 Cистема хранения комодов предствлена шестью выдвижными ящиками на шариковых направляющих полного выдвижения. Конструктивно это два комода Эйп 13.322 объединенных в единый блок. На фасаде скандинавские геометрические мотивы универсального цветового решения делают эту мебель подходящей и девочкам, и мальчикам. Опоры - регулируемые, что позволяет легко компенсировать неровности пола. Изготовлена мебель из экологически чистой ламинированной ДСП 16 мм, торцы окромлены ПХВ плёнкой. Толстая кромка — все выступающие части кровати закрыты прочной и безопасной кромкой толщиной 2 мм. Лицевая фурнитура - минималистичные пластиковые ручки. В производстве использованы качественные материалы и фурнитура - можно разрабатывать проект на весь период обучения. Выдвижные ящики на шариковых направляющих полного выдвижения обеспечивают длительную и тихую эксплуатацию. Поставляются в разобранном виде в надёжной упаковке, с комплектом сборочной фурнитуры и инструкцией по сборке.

+ + + + + + +

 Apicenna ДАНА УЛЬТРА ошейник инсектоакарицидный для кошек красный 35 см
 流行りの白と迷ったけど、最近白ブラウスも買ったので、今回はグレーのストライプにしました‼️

+ + + + + + +

» **What the task asks**
Take the lines above from the one containing "Apicenna ДАНА УЛЬТРА" to the one containing "流行りの白と迷ったけど、最近" and retype them exactly, both ends included, with nothing added.

» **Your response**
 Apicenna ДАНА УЛЬТРА ошейник инсектоакарицидный для кошек красный 35 см
 流行りの白と迷ったけど、最近白ブラウスも買ったので、今回はグレーのストライプにしました‼️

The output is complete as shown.